Douglas A. McIntyre is the co-founder, chief executive officer and editor in chief of 24/7 Wall St. and 24/7 Tempo. He has held these jobs since 2006.

McIntyre has written thousands of articles for 24/7 Wall St. He is an expert on corporate finance, the automotive industry, media companies and international finance. He has edited articles on national demographics, sports, personal income and travel.

His work has been quoted or mentioned in The New York Times, The Wall Street Journal, Los Angeles Times, The Washington Post, NBC News, Time, The New Yorker, HuffPost USA Today, Business Insider, Yahoo, AOL, MarketWatch, The Atlantic, Bloomberg, New York Post, Chicago Tribune, Forbes, The Guardian and many other major publications. McIntyre has been a guest on CNBC, the BBC and television and radio stations across the country.

A magna cum laude graduate of Harvard College, McIntyre also was president of The Harvard Advocate. Founded in 1866, the Advocate is the oldest college publication in the United States.

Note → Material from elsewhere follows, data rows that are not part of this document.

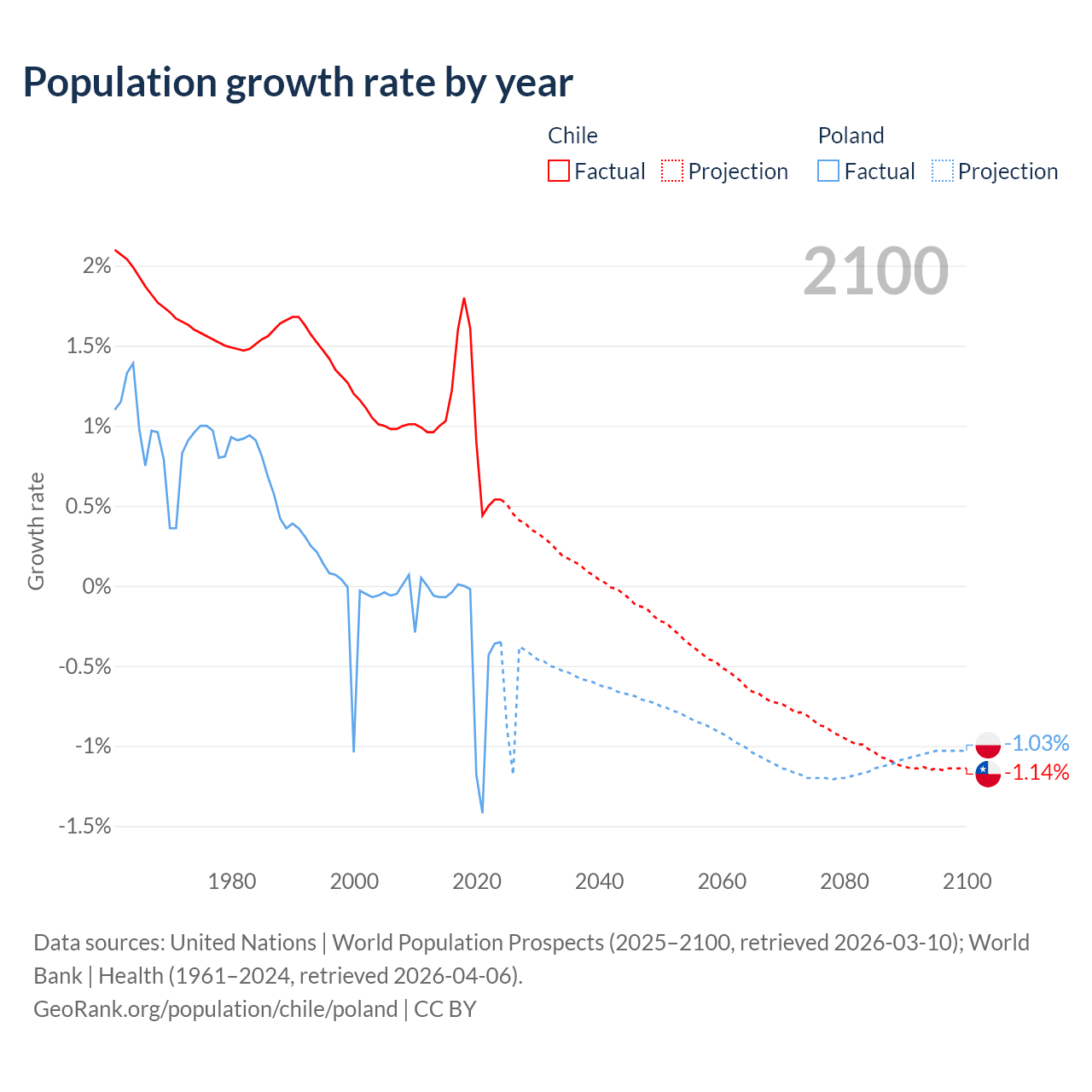 - For the last 10 years, Chile has had an average growth rate of +1.02% per year vs -0.36% in Poland.
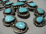 Rare Mcginnis Turquoise Vintage Native American Jewelry Navajo Sterling Silver Squash Blossom Necklace
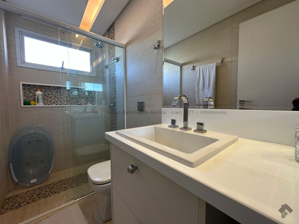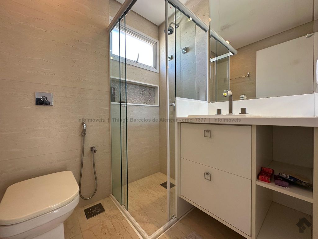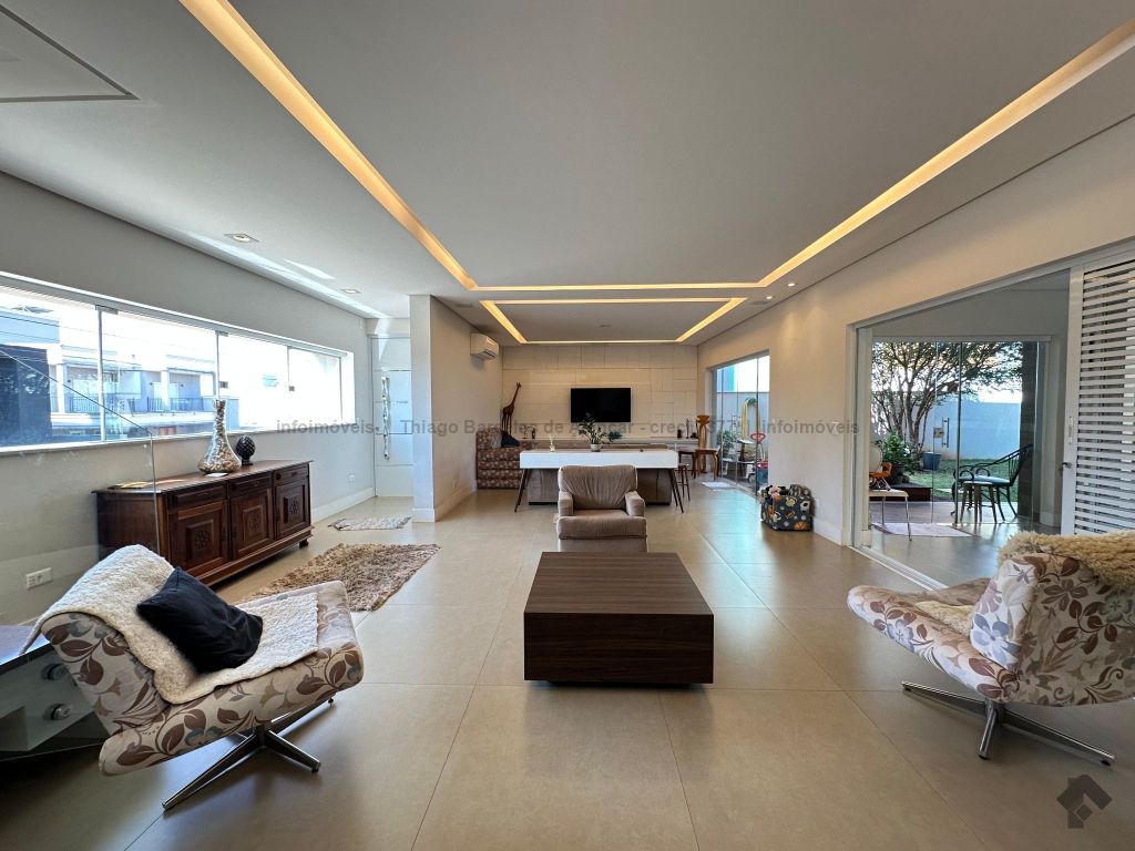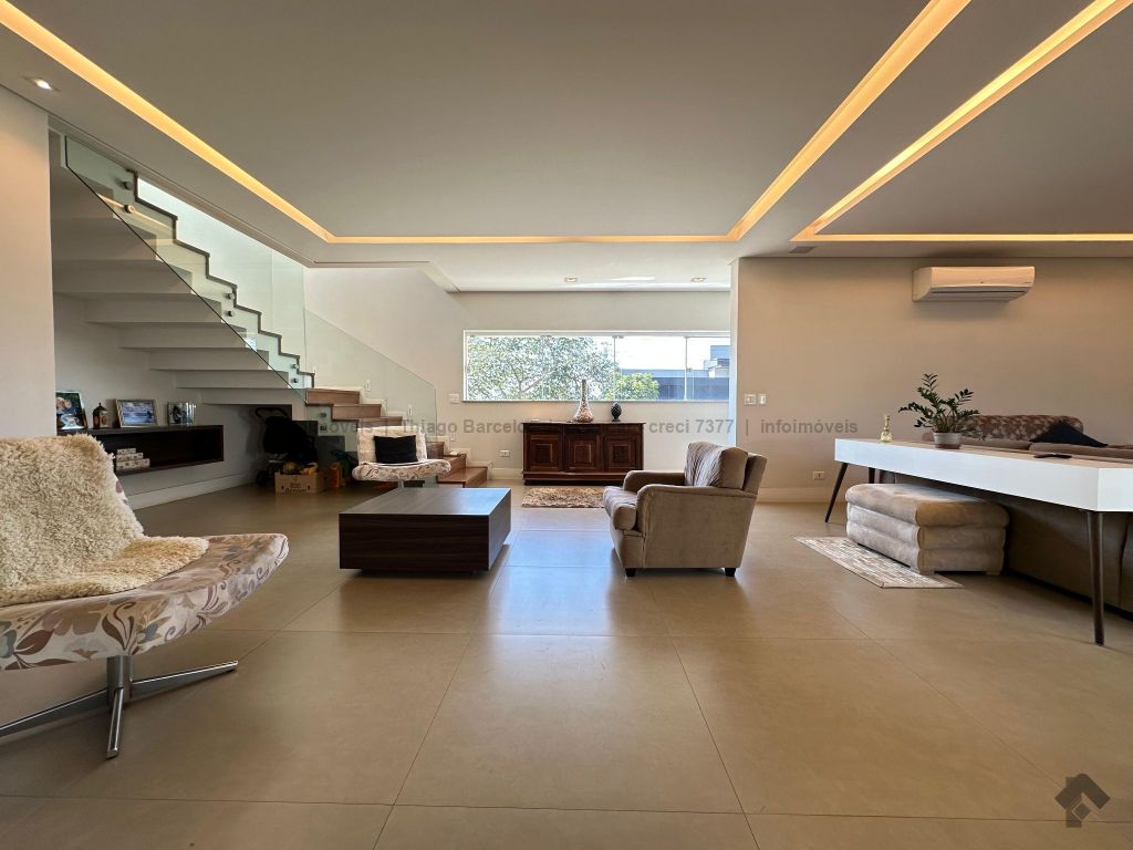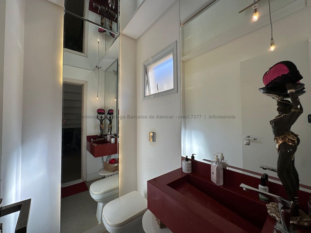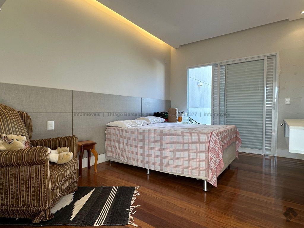 Sobrado de alto padrão no Alphaville I com 4 suítes e 5 vagas de garagem, sendo 3 cobertas. No pavimento térreo: hall principal com sala ampla para dois ambientes, lavabo, cozinha repleta de armários, escritório (ou opção para 2 escritórios, sendo um reversível em depósito), espaço gourmet completo com churrasqueira e fogão a lenha, além de depósito. Área de lazer com piscina, energia solar fotovoltaica e ambientes integrados que proporcionam conforto e praticidade para toda a família. No pavimento superior: 4 suítes, todas com sacada, sendo 3 delas com closet. Imóvel com acabamento impecável, pensado para oferecer sofisticação, funcionalidade e bem-estar.
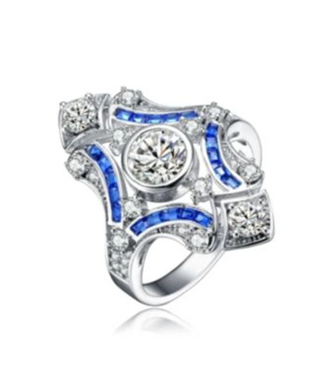 Sterling Silver Rhodium Plated with Blue Cubic Zirconia Statement Ring
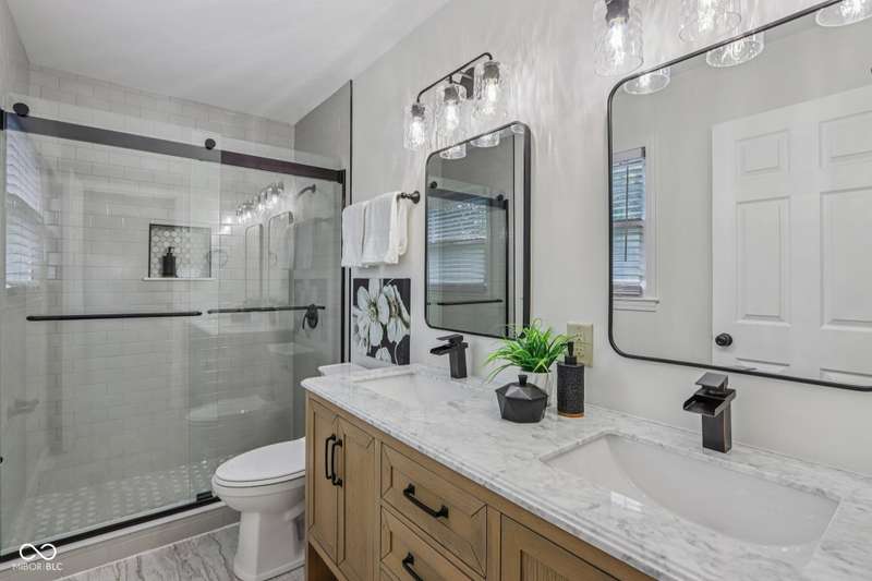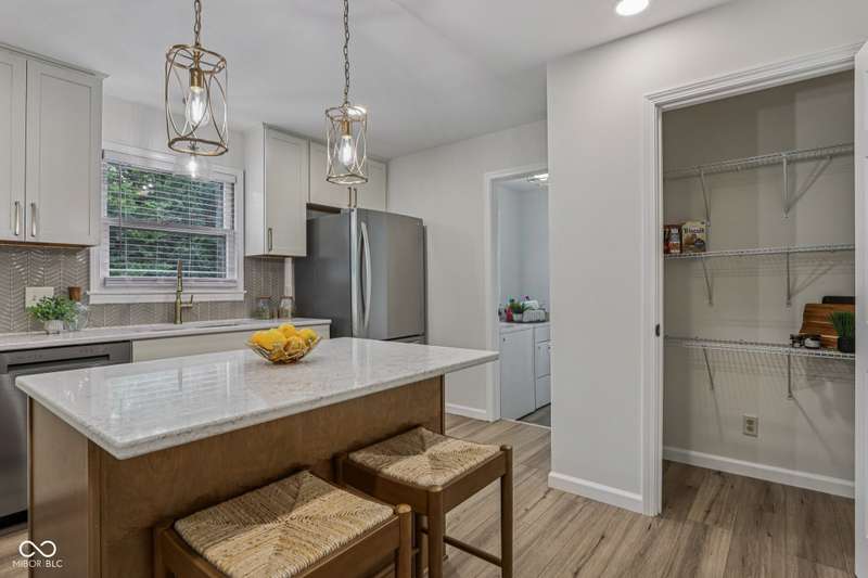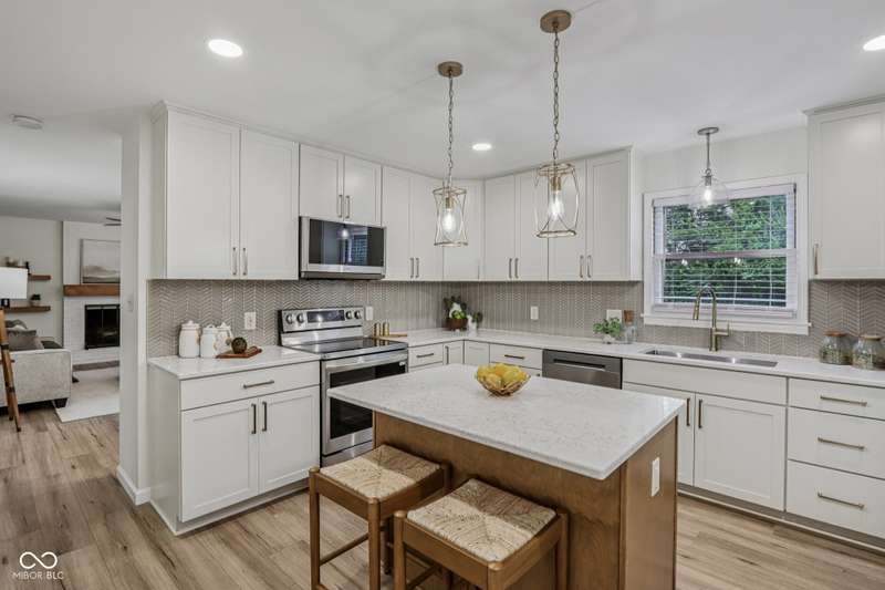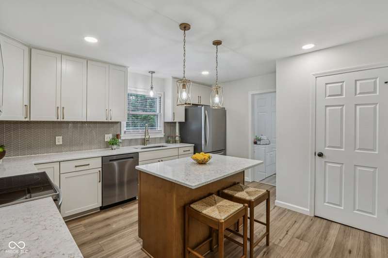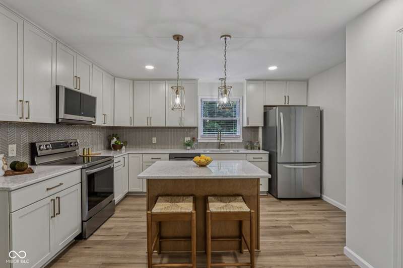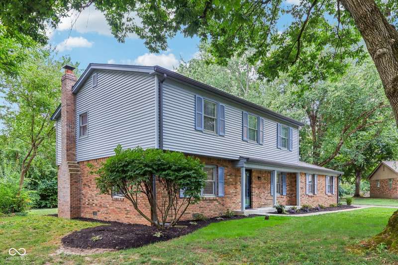 Fully Remodeled Home in Carmel situated in one of Carmel's most peaceful and established neighborhoods. Setting on a wooded 1/2 acre lot surrounded by mature trees for exceptional privacy & tranquility. Seller offering Interest Rate Buydown! Step inside to discover a brand-new Kitchen designed w/function & comfort in mind featuring custom cabinets, quartz countertops, a spacious island w/breakfast bar & a generous sized pantry. New stainless steel Range & a microwave hood, plus Refrigerator & Dishwasher are only 2 years old. Throughout the main level is luxury vinyl plank flooring offering durability & warmth, while the upper level is outfitted with new carpeting throughout. The heart of the home is the Family Room just off the Kitchen, complete w/floating shelves & charming mini bar area-perfect for entertaining or relaxing. A Formal Dining Room, spacious Office w/French doors, & a convenient main-level laundry room (washer and dryer incl) offer flexible spaces to meet your everyday needs. Upstairs the expansive primary suite is a true retreat w/ large walk-in closet & a luxurious en-suite bath featuring fully tiled walk-in shower, new double vanity, & updated lighting. Two additional bathrooms have also been tastefully renovated w/new tile flooring, vanities, & fixtures. Other amenities included in the remodel are All-new light fixtures throughout, Stylish 2" faux wood blinds in every room. An Extra-deep 2-car garage has a bonus side room-ideal for a workshop or storage. Enjoy sitting on your covered front porch or the Beautiful backyard surrounded by trees on three sides for unmatched privacy. There is a great open area in the woods behind the home for kids to play or to enjoy nature. Home also comes w/a 2 yr old full house generator for extra peace of mind. Every inch of this home has been carefully redesigned with attention to detail and comfort in mind. Home is in the Coveted Carmel Clay Schools. Brand new city sewer line, city water.

TheStreet.com, Comps.com and Edgar Online are some of the public companies for which McIntyre served on the board of directors. He was a Vicinity Corporation board member when the company was sold to Microsoft in 2002. He served on the audit committees of some of these companies.

McIntyre has been the CEO of FutureSource, a provider of trading terminals and news to commodities and futures traders. He was president of Switchboard, the online phone directory company. He served as chairman and CEO of On2 Technologies, the video compression company that provided video compression software for Adobe’s Flash. Google bought On2 in 2009.